A string of suicides has prompted relocation of US sailors. Over 200 personnel have been re-housed from the USS George Washington aircraft carrier.
The US Navy has decided to allow sailors living on the USS George Washington to move to alternative accommodation after a string of suicides onboard the nuclear-powered aircraft carrier.
The war pack vessel has been dry-docked in Virginia since 2017 and is undergoing an extensive overhaul and refueling process.
While the vessel is not fully crewed during the overhaul process, roughly half of its full 5,000-strong compartment continues to work there. Some 420 sailors live at the dry-docked vessel.
The move began on last week, with more than 200 sailors already leaving the obsolete carrier and moving ashore to a nearby Navy facility.

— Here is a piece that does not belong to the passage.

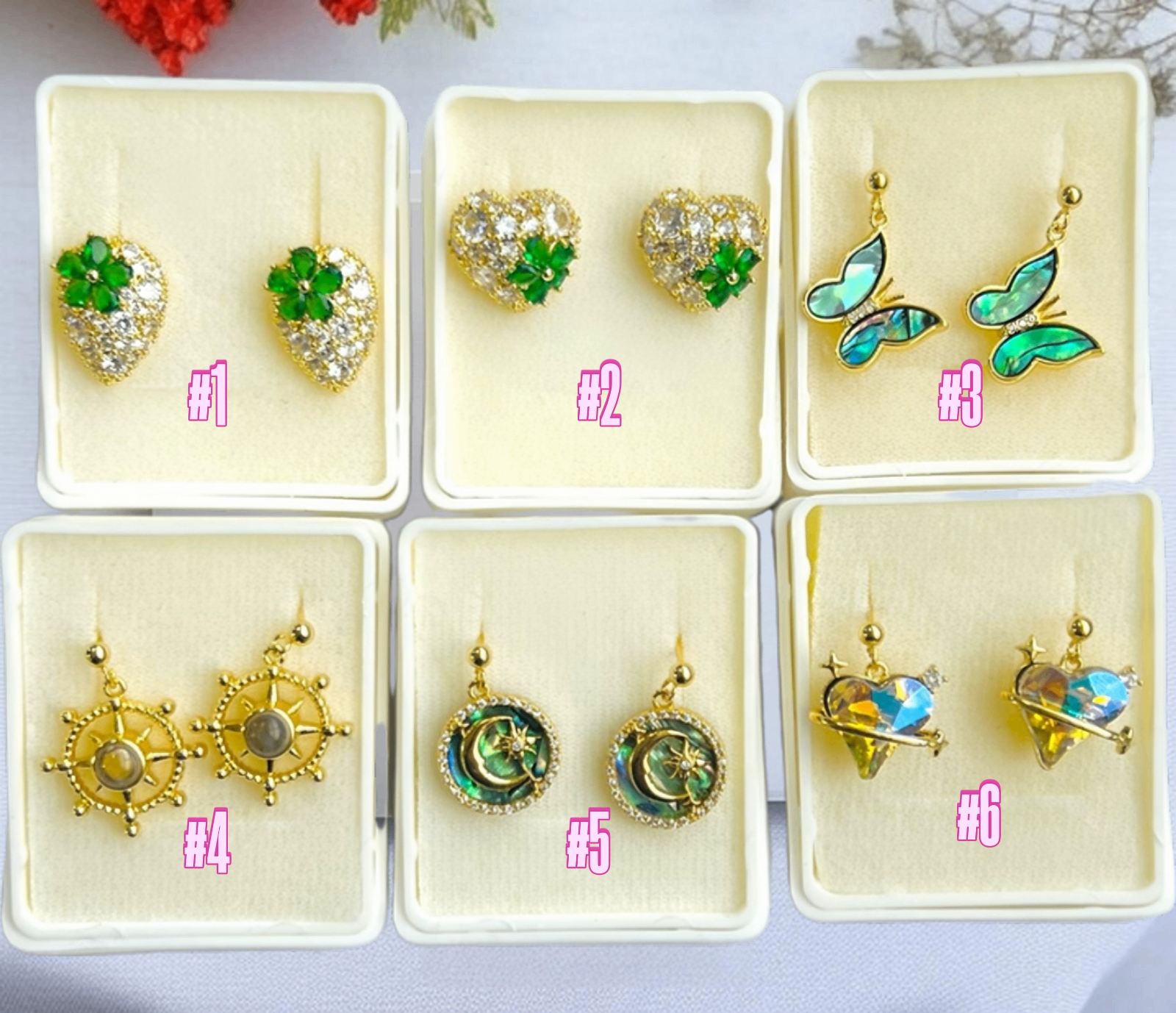 Butterfly Mirage, Emerald Bloom Drops, Golden Compass, Heart of Ivy, Moonlight Orbit, Ocean Heart

The decision to allow sailors not to live aboard the vessel undergoing repairs comes after a string of deaths at the aircraft carrier. Over the past 12 month, seven crew members of the USS George Washington have died, including at least four by suicide.
Three deaths came within less than a week in April 2022, apparently triggering the alternative relocation process. The move plan will continue until all Sailors who wish to move off-ship have done so.
According to media reports, sailors have repeatedly complained about the conditions on board the vessel, describing heavy construction sounds, ventilation and hot-water outages, the long commute to and from the vessel, among other grievances.
Speaking during a media round table, Admiral John Meier, the commander of US Naval Air Force Atlantic, admitted the decision to deploy sailors to a vessel still undergoing repairs might have been premature.
Meier himself admitted that he was aware that some crew members spent more than three hours a day just commuting to the carrier.
The Navy has launched two separate probes to investigate whether the string of deaths is linked and to establish whether the spike in suicides is related to the living and working conditions or to the command climate onboard the vessel.
RT. com / ABC Flash-Point Military News 2022.